Del periodo di Jena vanno segnalate anche: Esposizione del mio sistema (1801), Bruno o il principio naturale e divino delle cose (1802), Filosofia dell'arte (1802-3) e Lezioni sul metodo dello studio accademico (1803). Questa fase è stata definita dai critici della "filosofia dell'identità" (nel senso che nella conciliazione degli opposti, che si verifica in natura, sta l'identità filosoficamente intuita): qui Schelling non fa che accentuare il suo aristocraticismo culturale, combinandolo con un esplicito rifiuto politico della rivoluzione. Egli inoltre dovrà affrontare -come già aveva fatto Fichte- una dura polemica con Jacobi sulla questione dell'ateismo (secondo Jacobi la sua filosofia della natura portava al panteismo ateo). Schelling non perderà la cattedra, perchè era su posizioni più moderate di quelle di Fichte, ma deciderà lo stesso di lasciare Jena e di trasferirsi a Würzburg (1803-6), dedicandosi al problema religioso: interesse che lo occuperà anche a Monaco (ove nel 1806 venne chiamato all'Accademia delle scienze, restandovi sino al 1820).

In pratica dal 1804 al 1811 Schelling non farà che studiare mistica e teologia (fase teosofica), lasciandosi influenzare dal cattolico restauratore F. von Baader, che lo avviò agli studi del mistico J. Boehme. Opere principali: Filosofia e religione (1804), Ricerche filosofiche sull'essenza della libertà (1809) e Lezioni private di Stoccarda (1810). Nel 1812 pubblicò un altro velenoso scritto contro Jacobi e un saggio sulle Divinità di Samotracia, che segna la ripresa di quell'interesse per la mitologia che aveva coltivato in età giovanissima.

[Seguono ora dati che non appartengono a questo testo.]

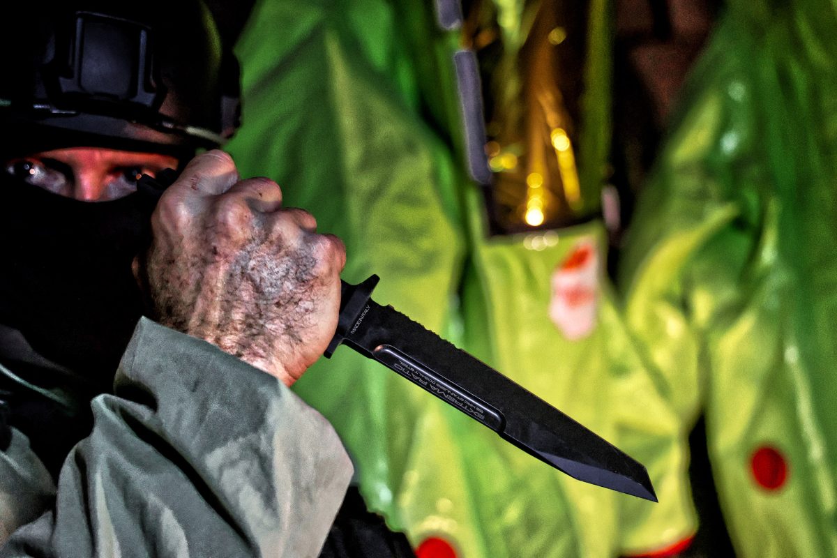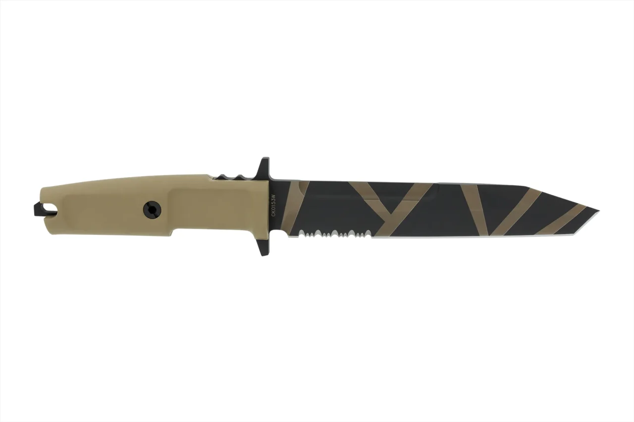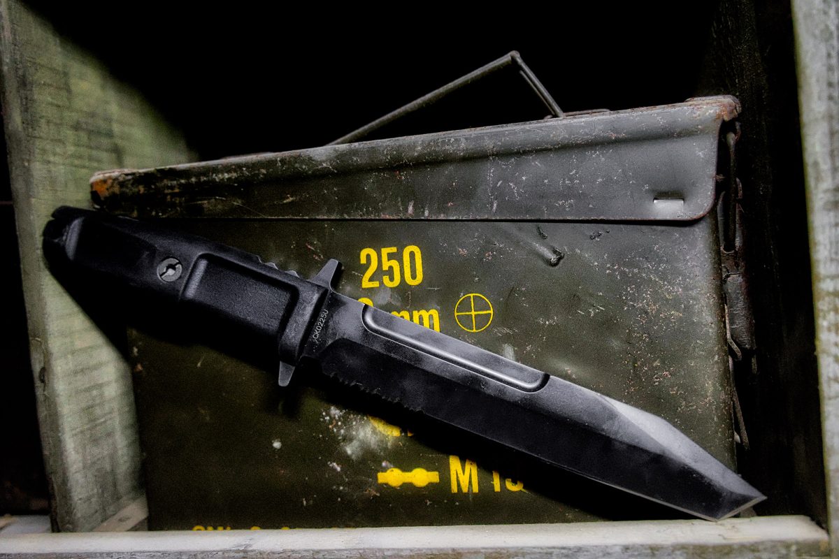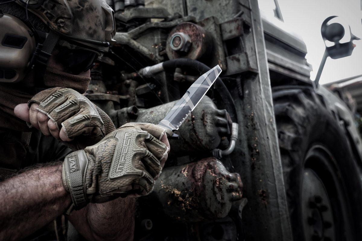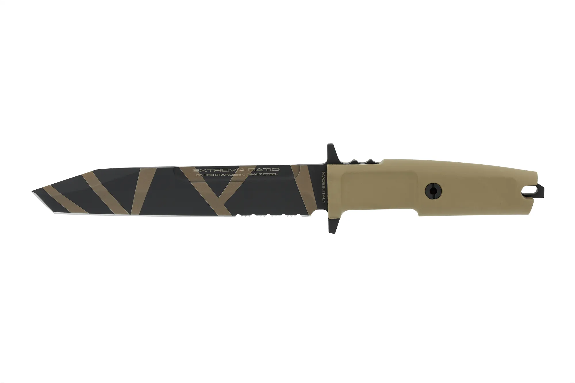 As part of preparing for the mission, COMALP coordinated a team of companies toward creating a full experimental set of newly designed equipment for the individual trooper. Extrema Ratio was chosen by COMALP to develop a new multipurpose knife suitable for the infantry – a knife to be used in any operations anywhere, capable of successfully completing tasks that more specialized tools fail at. So successful were we that after this multipurpose knife followed the development of the Fulcrum Bayonet, an implementation of the same which can be mounted onto a trooper’s standard-issue rifle. An extremely tough and versatile knife, the Fulcrum’s blade can sustain loads of over 150 kilograms without breaking. The tanto-shaped blade allows for large amounts of work and wear while still retaining a sharp, penetrating edge at its exceedingly sturdy tip. Thanks to its weight and top-heavy balancing, the Fulcrum is also suitable for hard work on the field. Available versions: FULCRUM BLACK, FULCRUM DESERT WARFARE.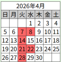 4月の営業日カレンダー

Ormai comunque Schelling non ha più alcuna fiducia negli strumenti della ragione. Lo attesta anche lo scritto Le epoche del mondo (1811-13). Uno Stato "secondo ragione" per lui è impossibile; l'idea di "progresso" è illusoria, in quanto esiste un "male cosmico" che ha intaccato inesorabilmente la coscienza di tutti gli uomini.

Dopo un soggiorno di 6 anni all'università di Erlangen (dal 1820 al '26), egli ritorna a Monaco diventando nel '27 professore universitario. Tuttavia, già nel 1809 la sua produttività, pur iniziata assai precocemente, aveva cominciato a subire un declino inarrestabile. Il trionfo di Hegel contribuì senz'altro a produrre in lui sfiducia e stanchezza. Schelling non vorrà neppure partecipare al movimento delle riforme borghesi connesso con la Confederazione renana voluta da Napoleone (1811), che comprendeva 36 compagini statali prussiane. Sua unica preoccupazione è diventata quella di formulare fantasiose simbologie sulla base della mitologia greca e orientale.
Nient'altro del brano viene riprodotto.